Pero las bacterias han resultado ser unos oponentes más duros de lo que pensábamos. En unas pocas décadas han demostrado una extraordinaria capacidad de desarrollar métodos de resistencia, o seleccionar algunos preexistentes, que inutilizan o evitan la acción de los antibióticos. Además, resulta que son capaces de transmitir estos mecanismos, no solo entre poblaciones de la misma especie, sino también entre distintas especies. Las resistencias empezaron a aparecer muy pronto. A principios de los 60 del siglo pasado, menos de veinte años tras la introducción de la penicilina, ya aparecieron poblaciones de estafilococos resistentes.
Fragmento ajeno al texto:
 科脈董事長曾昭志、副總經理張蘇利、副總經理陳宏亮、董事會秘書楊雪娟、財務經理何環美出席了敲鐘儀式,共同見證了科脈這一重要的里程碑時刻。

Nuestra respuesta hasta hoy ha sido equivocada, hemos ido desarrollando nuevos antibióticos que evitaban los mecanismos de resistencia y que destruían cada vez una mayor variedad de bacterias, patógenas y también las nuestras propias beneficiosas, pero nos hemos encontrado con que las bacterias ha sido capaces de desarrollar cada vez con mayor rapidez mecanismos de resistencia, que cada vez se transfieren entre ellas más aceleradamente y, con el uso masivo que hemos hecho de los antibióticos, hemos ido seleccionando las poblaciones resistentes, que ahora mismo son incluso un porcentaje significativo de nuestras propias bacterias residentes, en el intestino, en la boca, en la piel, etc.
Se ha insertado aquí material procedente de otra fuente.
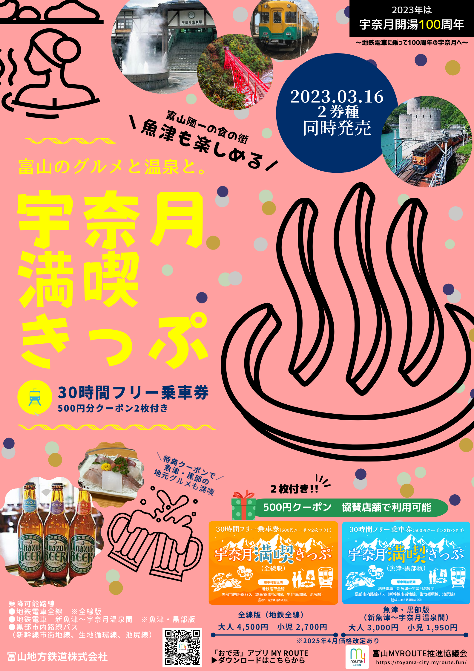 「my route」にて、宇奈月・黒部・魚津エリアをテーマにしたお得なデジタルチケット、

Se ha hecho evidente que la estrategia de contrarrestar las resistencias con un uso cada vez más masivo de antibióticos, más potentes, con un espectro más amplio, que actúan indiscriminadamente sobre más grupos de bacterias, patógenas y no patógenas, es errónea. Hemos llegado al punto en que la capacidad de defensa de las bacterias es superior a la nuestra de desarrollar nuevos antibióticos. El propio subdirector general de la OMS ha manifestado, al presentar el informe, que “se necesitan medidas urgentes y coordinadas a nivel mundial para afrontar este problema, o el mundo está abocado a una era postantibiótica en que las infecciones comunes que han sido tratables durante décadas volverán a ser potencialmente mortales”.